En cela, le processus est semblable à celui qui a abouti à la deuxième guerre mondiale, à savoir, le mariage de Raison entre, d'une part, un pouvoir politique xénophobe, liberticide, paranoïaque et, d'autre part, le pouvoir économique le plus à même de soutenir le projet démesuré du « mâle dominant » qui cherche à impressionner par des déclarations à l'emporte-pièce, des provocations récurrentes, une stratégie du chaos assumée. Nous assistons au même scénario que celui élaboré par les Nazis concernant l'Allemagne de l'époque et qui a servi de justificatif pour adopter des politiques extrêmes qui font fi des principes fondamentaux d'une démocratie libérale et du plus élémentaire droit international : les États-Unis sont exploités par le monde entier, victimes de leur généreuse richesse, ils font plus que leur part pour protéger militairement leurs alliés (contre quels ennemis, ça reste à déterminer), leur énorme déficit commercial et leur dette abyssale sont le résultat de pratiques commerciales malveillantes et déloyales de la part des Chinois, des Européens, des Canadiens, des Mexicains et tutti quanti.
Bref, l'Amérique n'a rien à se reprocher, elle n'est pas responsable des délocalisations massives des entreprises américaines vers la Chine, l'Asie, le Mexique, l'Europe de l'Est depuis plus de trente ans et qui sont à l'origine du désert industriel qui recouvre des régions entières des États-Unis, autrefois prospères, gage de leur pouvoir économique et financier, assurant leur main-mise sur les affaires du Monde ; elle n'a rien à voir non plus avec la pauvreté endémique des pays du Sud global dont les ressortissants n'ont d'autres choix que d'émigrer vers le Nord pour améliorer leurs conditions de vie, quitte à travailler illégalement à bas salaire, sans protection sociale, sans assurance-santé, risquant à tout moment d'être expulsés vers le pays qu'ils cherchent à fuir.

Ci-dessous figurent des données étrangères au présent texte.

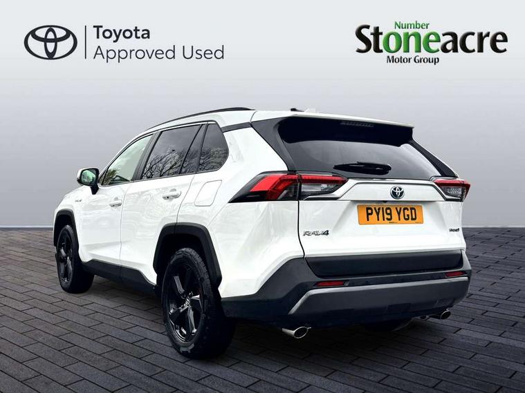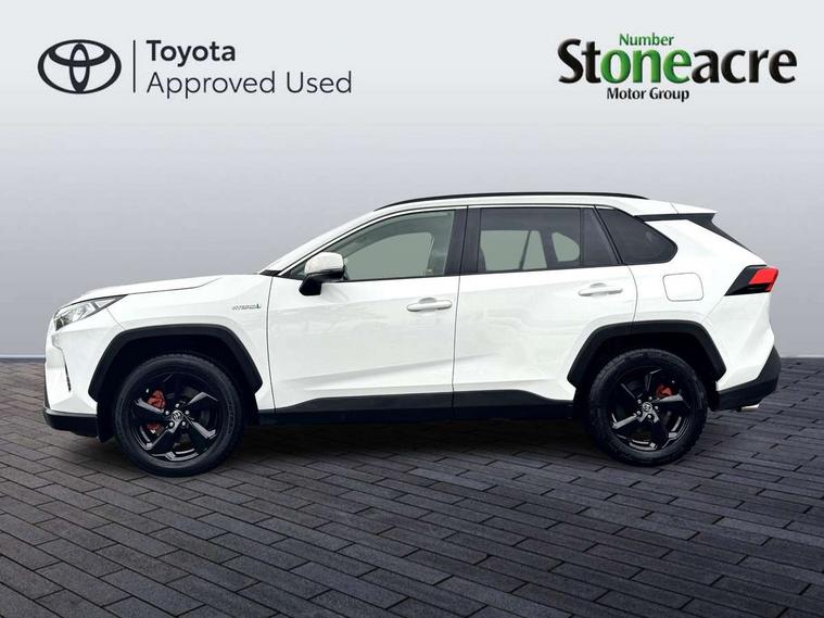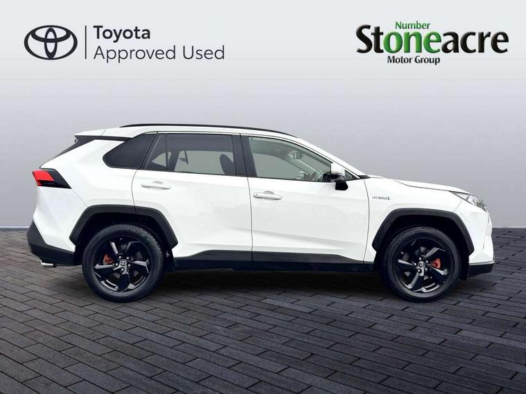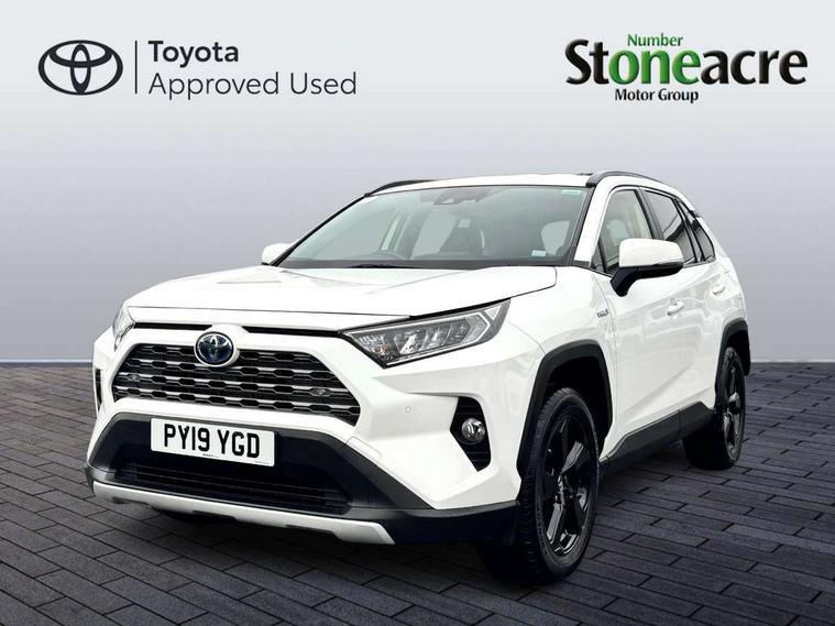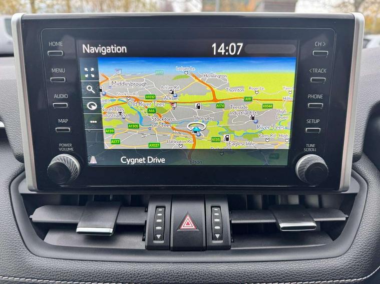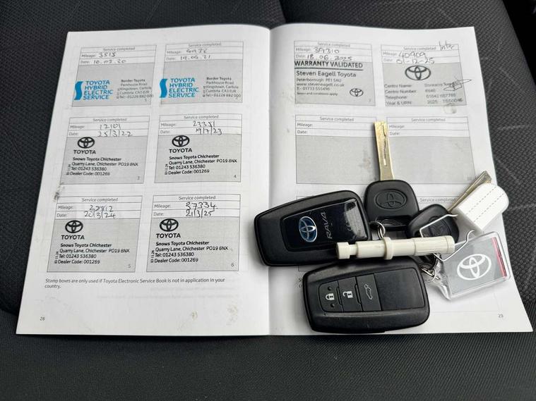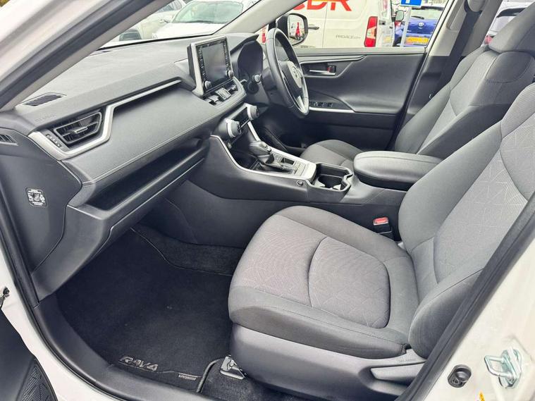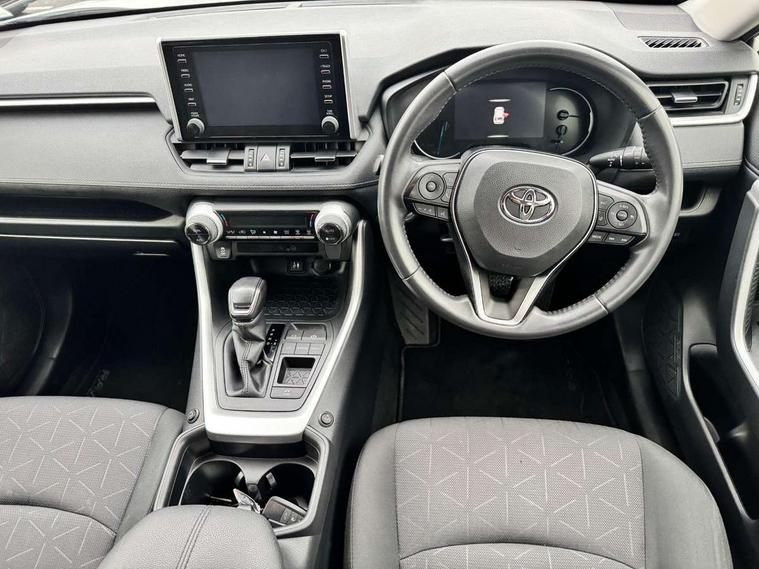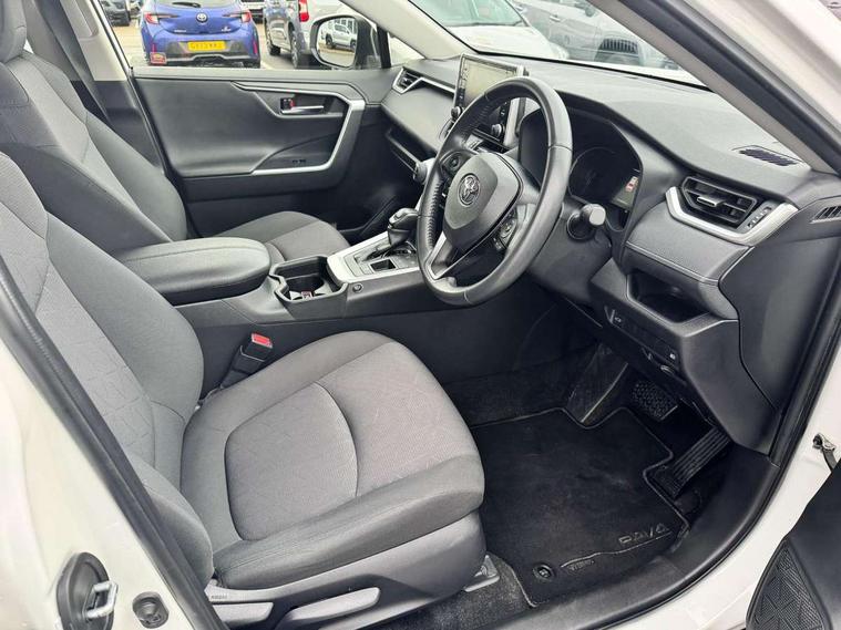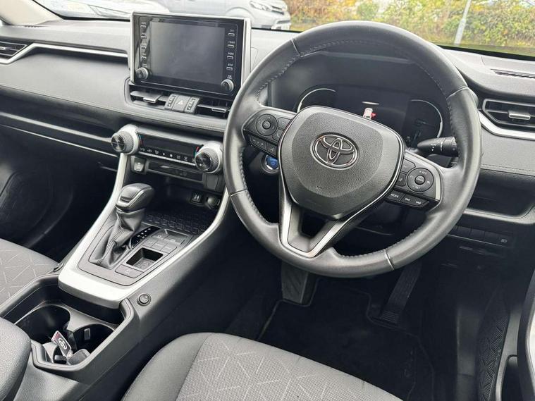 7" colour TFT display, Adaptive cruise control with lane trace assist, Adjustable speed limiter, Bluetooth system, Cyclist Detection, Drive mode selector, eCall emergency call system, ECO-driving indicator, Electric power steering, Hybrid system indicator, Lane departure warning system, Lights on warning, Night Time Pedestrian Detection, Pedestrial detection, Power boot opening and closing, Rear parking camera, Rear parking sensors, Remote boot door release in cabin, Tachometer, Touch 2 Go navigation system, Traffic sign recognition, Trip computer, Voice control system, Vehicle Stability Control (VSC), 6 speakers, 8" Multimedia display touch screen, Auxiliary socket for external MP3 player, DAB audio, Steering wheel mounted audio controls, Toyota touch media system, USB connection, Auto dimming interior mirror, Auto high beam, Automatic headlamp levelling, Automatic headlights, Automatically retractable door mirrors, Black roof rails, Body colour door handles, Body colour door mirrors, Body colour rear spoiler, Body coloured bumpers, Body coloured Shark-fin antenna, Electric adjustable door mirrors, Emergency brake-light signal (EBS), Follow me home headlights, Front fog lights, Headlight cleaners, Heated door mirrors, LED daytime running lights, LED High mounted stop lamp, LED rear lights, Meshed upper front grille, Parabola LED headlights, Power front windows, Power rear windows, Privacy glass, Rear screen wiper - intermittent, Rear windscreen defogger, Silver front under-run, Silver rear under-run, Trailer sway control, Turning signal integrated indicators in door mirrors, 3 rear headrests, 60/40 split fold rear seat back, Boot light, Clean air filter, Cloth upholstery, Driver and front passenger personal light, Driver and front passenger Whiplash Injury Lessening seats, Driver and passenger sunvisors with illuminated vanity mirrors, Dual sided deck board in boot, Dual zone automatic air conditioning, Floor mats, Folding rear centre armrest, Front and rear bottle holders, Front centre armrest, Front footwell lights, Front headrests, Front/rear roof mounted assist grips, Grey roof lining, Isofix child seat preparation, Leather gear shift with chrome surround, Manual telescopic and tilt 3-spoke leather steering wheel with Chrome insert, Manually height-adjustable sliding and reclining driver seat, Manually reclining and sliding front passenger seat, Pollen filter, Rear coat hooks, Rear door armrests, Rear passenger air vents, Reclining rear seats, Satin chrome interior door handles, Sunglasses holder, Parking pack - Rav4, 3x3 point rear seatbelts, ABS/EBD, Adjustable front driver and passenger seat belt extender, Brake assist function, Child proof door locks, Collision mitigation braking system, Driver/Front Passenger airbags, Driver/front passenger side airbags, Drivers knee airbag, Electronic parking brake, Electronic Stability Programme (ESP), Emergency brake light system (EBS), Front and rear curtain airbags, Front and rear seatbelt reminder, Hill start assist, Passenger airbag cut-off device, Seatbelt pretensioners with load limiters, Traction control, Tyre pressure warning, Alarm/immobiliser, Glass-breaking alarm sensors, Light - on and Key in reminder, Remote central locking, Smart entry + Smart start, Speed sensitive auto door locking, Tilt detection sensors, Piano black centre console with silver insert, Soft-touch black lower dashboard, Soft-touch black upper dashboard with silver insert, Full size spare wheel,

Ce complexe de persécution est source de violence dirigée contre tout ce qui n'est pas américain et exacerbe les tensions géo-politiques déjà manifestes dans le monde occidental. Les Allemands ont carburé à cette victimisation à tous crins, les Juifs de Palestine en font de même et, dans tous les cas, cette impression généralisée d'être injustement traités par le reste de l'humanité donne lieu à des comportements belliqueux qui abaissent dangereusement le niveau de tolérance envers les embûches rencontrées en chemin, les contradicteurs, la diversité des points de vue, les visions du monde différentes de celle du leader charismatique. Il faut prendre acte de ce fait et agir en conséquence.